The MEA tool by Ferdinand Mosca (programming) and Ed Schroeder (epd-sets) is a great tool, which solves epd-sets with multiple possible best-moves (with different scores!) automatically and summarizes the score-points of the moves, found by the engine. Ed Schroeder built some huge epd-sets. I use 50000 of the epd-positions, calculated by Stockfish 11

 

You find the MEA tool here

Download the huge 50000 positions epd-file, which I use for testing, here

Download a small textfile with a short manual and examples how to use MEA with lc0 here

 

MEA is really great for testing neural-nets, because it is possible to let lc0 calculate the board-position (1 node), only. For that, you have to set the MEA-thinkingtime to 1ms and give the option Slowmover=0 to lc0. If you do so, one testrun takes some minutes (10x128 nets) up to 90 minutes (30x384 nets), only, even though lc0 CPU is used. So, you do not need a modern GPU in your machine...

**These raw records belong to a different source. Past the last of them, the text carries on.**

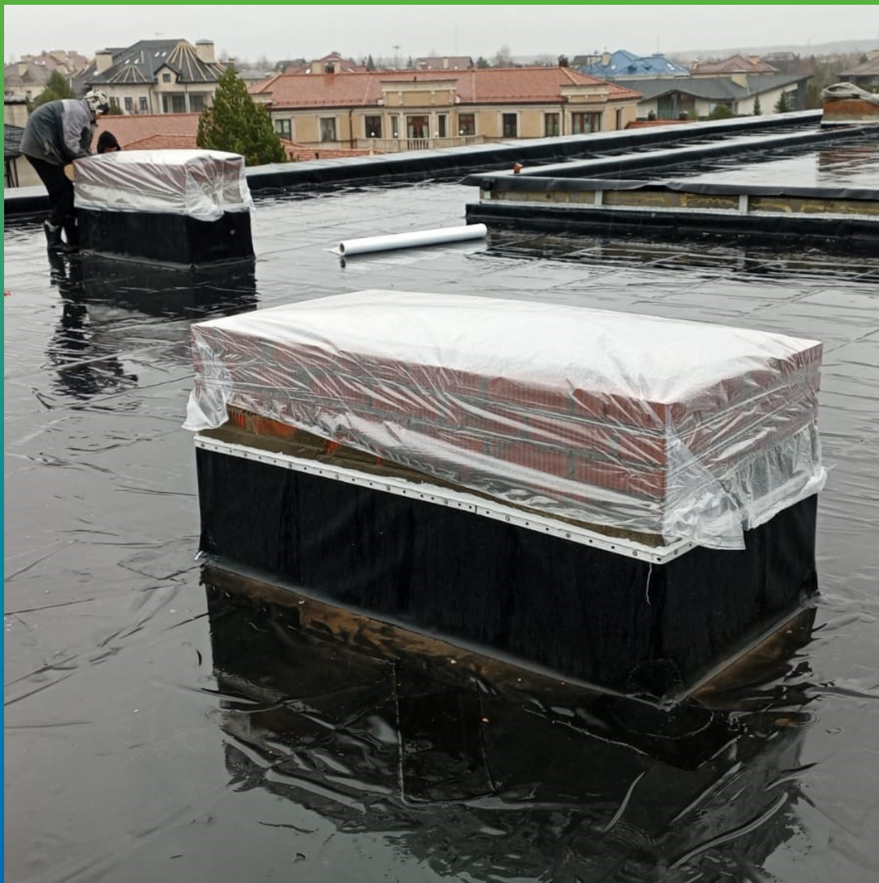
Финишный вид законченного монтажа Кровельных ковров ЭПДМ Прелести СТ 1,2
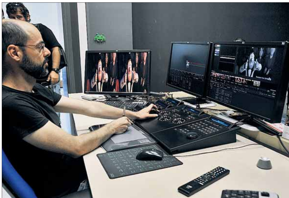
La empresa Next Lab durante el proceso de estereoscopia de la segunda entrega de la película Tadeo Jones.

En los cines Luz de Castilla fueron testigos de las andanzas de Tadeo Jones en la Alhambra, entre otros lugares, buscando pistas que
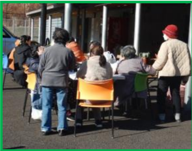
販売活動(じものいち)の様子 (尾鷲市南浦・尾鷲南パーキング) 令和8年2月実施状況
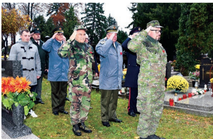
Pietny akt kladenia vencov sa konal pri viacerých pomníkoch v Pezinku
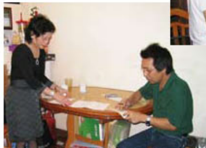
區校長將校方籌得的捐款悉數轉交予劉先生
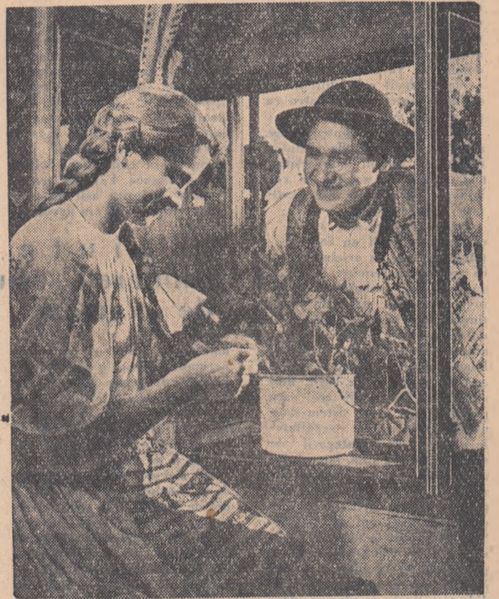
— Să știi! Dumnică la horă joci numai cu mine!
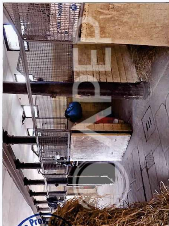
28 – Particolare interni Scuderie SudOvest lato pista
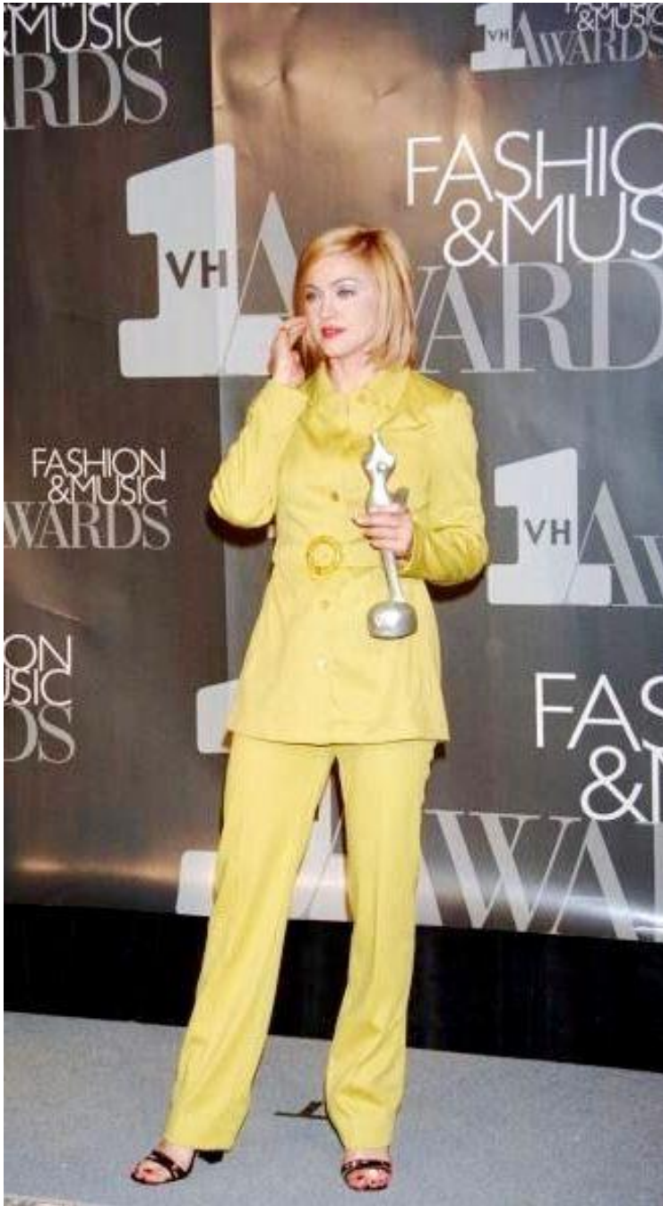
Sl.18. Madonna, VH1 Awards 1995.

Posljedice pokazivanja ove kolekcije vidjele su se već u prvim mjesecima nakon izlaganja i to u prodaji vintage odjevnih predmeta, posebice obuće. Zanimljiv je to prikaz ritma mode i stila koji nikada ne staje, već vuče jednu promjenu za drugom i prilagođava se u trenutku.
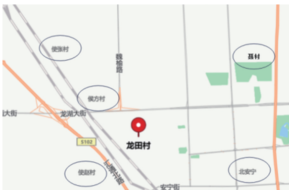
图 2 龙田村相邻村落

相邻村落是指在龙王传说中出现救助龙王的龙田村邻近村落: 安宁、使赵、侯坊、张村、聂村等村,如图 2 所示 ② 。
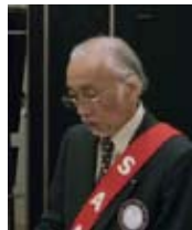
米内 S A A

The 2 disadvantages are, that you can not compare nets of different sizes, because bigger nets are better than smaller nets, when only the board-position is calculated and no MCTS is done. And you get only a result in score-points by MEA, no Elo-number. 

 

But, of course, it is possible to use MEA with thinking-time and lc0 running on a modern GPU, too. Then, a testrun will take longer, but the results of different net-sizes are compareable.  But, on a fast GPU Lc0 (and Stockfish on a fast CPU) is too strong for the MEA-testing IMHO. With 5''/position, Stockfish scored more than 0.870 (87%), which seems too much to me, especially mentioning more progress of the engines in the future. So, I can not recommend using MEA in that way. But for testing of NNs with 1 node/position, MEA is just perfect.

 

 

1 node/position testresults of neural-nets, for each testrun 50000 positions of the epd-file were calculated.

Latest update: 20/09/17 (New results of both training-runs and J92-170 net)

 

Netsize 10x128 results here (results of T72-nets (training run 2))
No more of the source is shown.